The personal information collected, is on behalf of our contracted obligations held with our clients/participants and regulated authorities, such as the NDIS Quality and Safeguards Commission, and is subject to restrictions imposed on its disclosure, collection and use by the Privacy Act 1988 (Cth) (Privacy Act).
LiveBig are obliged, in accordance with the terms of their registration requirements and Australian legal requirements, to comply with the Privacy Act when collecting, using, and disclosing the personal information of our employees, customers, clients, participantsand related stakeholders. Personal information is collected for the provision of therapy services to:
Determine eligibility or appropriateness of services
Tailor services to clients’ / participants needs.
Evaluate and monitor outcomes, programs and services provided.
Facilitate resolution of complaints made by stakeholders.
Allow for inclusion of client / participant personal details in communications developed by LiveBig, applicable to the scope of services.

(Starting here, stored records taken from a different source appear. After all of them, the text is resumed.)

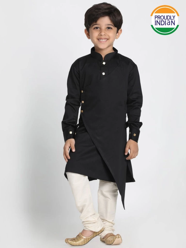 Black and cream-coloured indo western solid kurta with churidar
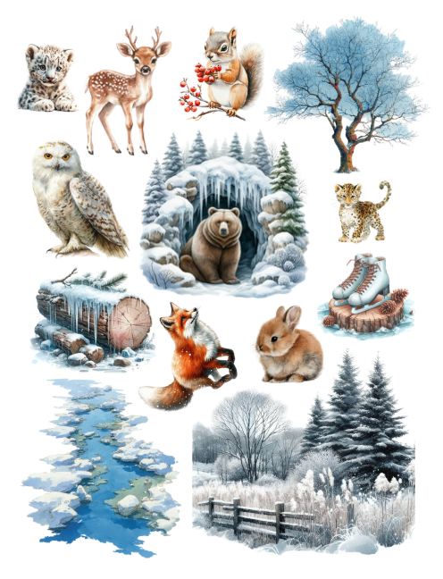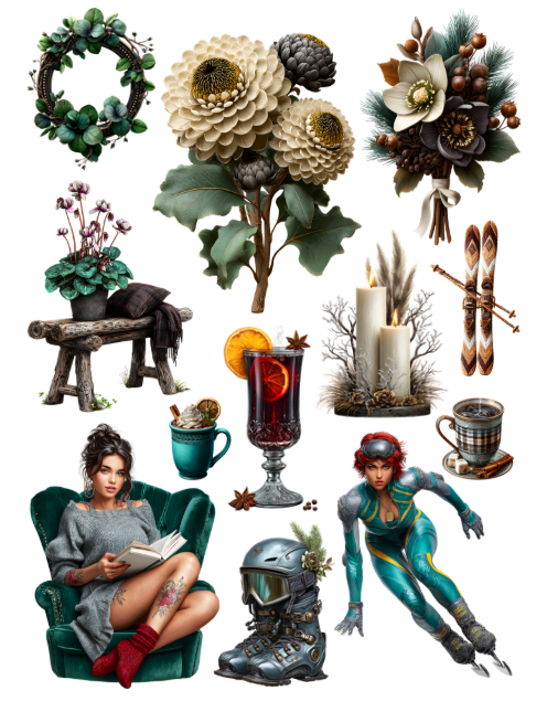 This beautiful book features snowy winter ephemera such as skiers, snowboarders, winter landscapes, forest animals and fashionable winter people. Decorate your planner with these lovely ephemera pieces, it's all the rage!
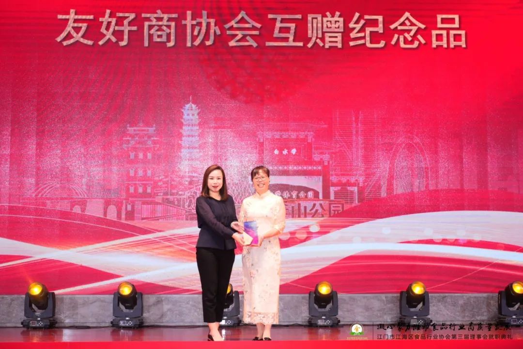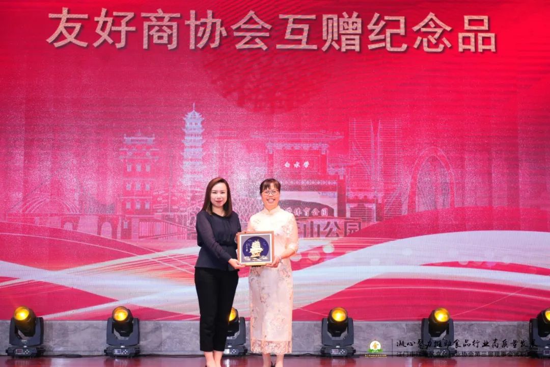 江海青商和江海区食品行业协会有多年深度的交流合作基础,对谢英珠当选第三届会长表示热烈祝贺,就职典礼上江海青商林碧芸会长与江海区食品行业协会谢英珠会长互赠纪念品。

Personal information held by LiveBig (including such information provided to LiveBig by employees, contractors, clients and participants) may be disclosed to national or State/Territory-based tribunals, commissions, courts and regulatory agencies, , the Australian Health Practitioner Regulation Agency (AHPRA), health practitioners and third party service providers (including providers who may have operations being conducted oversees).
SCOPE
This Policy relates to the collection, use and disclosure of information for:
Stakeholders involved in the scope of services delivered by LiveBig.
Employees or prospective employees of LiveBig.
Contractors of LiveBig.
Customer’s and certification bodies aligned with the scope of services delivered.
PURPOSE
The purpose of this policy is to state LiveBig’s commitment to comply with relevant legislation and regulator obligations relating to Privacy and to outline the methods adopted to comply with these.
Collection of Information
Personal and confidential information shall not be collected by LiveBig for inclusion in a record unless the information is collected for a purpose that is a lawful purpose directly related to a function, or activity provided by our organisation, and when the collection of the information is necessary for, or directly, related to that purpose.
Example of Personal Information which may be collected:
Contact information (e.g. name, age, address, telephone numbers, email address)
Employment information (e.g. work history, work performance, workplace incidence, next of kin information)
Sensitive information (e.g. medical history, criminal history, religious beliefs, health information health).
Where it is reasonable and practicable to do so, personal information is collected directly from the individual. Collection may take place for several purposes, which includes information pertaining to the delivery of services or internally as part of an employee’s employment with LiveBig. Examples:
For providing therapy or assessment services in accordance with contracted agreements, a referral, and legislative requirements
When registration forms for a service are required
When a request is made for information in writing or verbally
During the recruitment and selection process and during employment with LiveBig.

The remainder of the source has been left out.